This U.S. Patent Application Claims priority under 35 U.S.C. 119(e) to U.S. Provisional Patent Application Ser. No. 61/493,162 filed on Jun. 3, 2011.
BACKGROUND OF THE INVENTION1. Field of the Invention
The present invention relates generally to personal audio devices such as wireless telephones that include adaptive noise cancellation (ANC), and more specifically, to control of ANC in a personal audio device that uses injected noise to provide continued adaptation of a secondary path estimate when source audio is absent or low in amplitude.
2. Background of the Invention
Wireless telephones, such as mobile/cellular telephones, cordless telephones, and other consumer audio devices, such as mp3 players, are in widespread use. Performance of such devices with respect to intelligibility can be improved by providing noise canceling using a microphone to measure ambient acoustic events and then using signal processing to insert an anti-noise signal into the output of the device to cancel the ambient acoustic events.
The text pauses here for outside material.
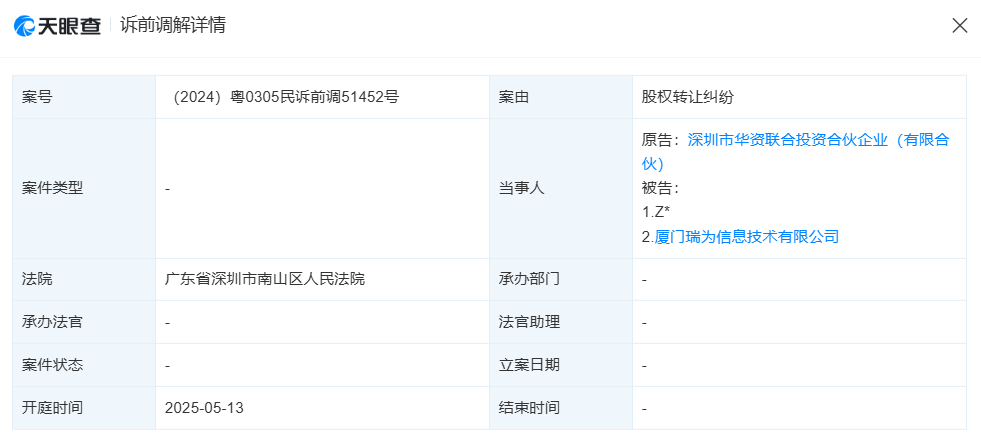 值得一提的是,华资联合的退出过程并非一帆风顺,期间曾与瑞为技术对簿公堂。天眼查数据显示,2025年5月,华资联合以股权转让纠纷为由向南山区人民法院提起诉讼,案件随后进入诉前调解环节。3个月后,华资联合将所持公司0.417%的股权转让给桐乡普华,双方纠纷告一段落。

Noise canceling operation can be improved by measuring the transducer output of a device at the transducer to determine the effectiveness of the noise canceling using an error microphone. The measured output of the transducer is ideally the source audio, e.g., downlink audio in a telephone and/or playback audio in either a dedicated audio player or a telephone, since the noise canceling signal(s) are ideally canceled by the ambient noise at the location of the transducer. To remove the source audio from the error microphone signal, the secondary path from the transducer through the error microphone can be estimated and used to filter the source audio to the correct phase and amplitude for subtraction from the error microphone signal. However, when source audio is absent, the secondary path estimate cannot typically be updated.
Therefore, it would be desirable to provide a personal audio device, including wireless telephones, that provides noise cancellation using a secondary path estimate to measure the output of the transducer and that can continuously adapt the secondary path estimate independent of whether source audio of sufficient amplitude is present.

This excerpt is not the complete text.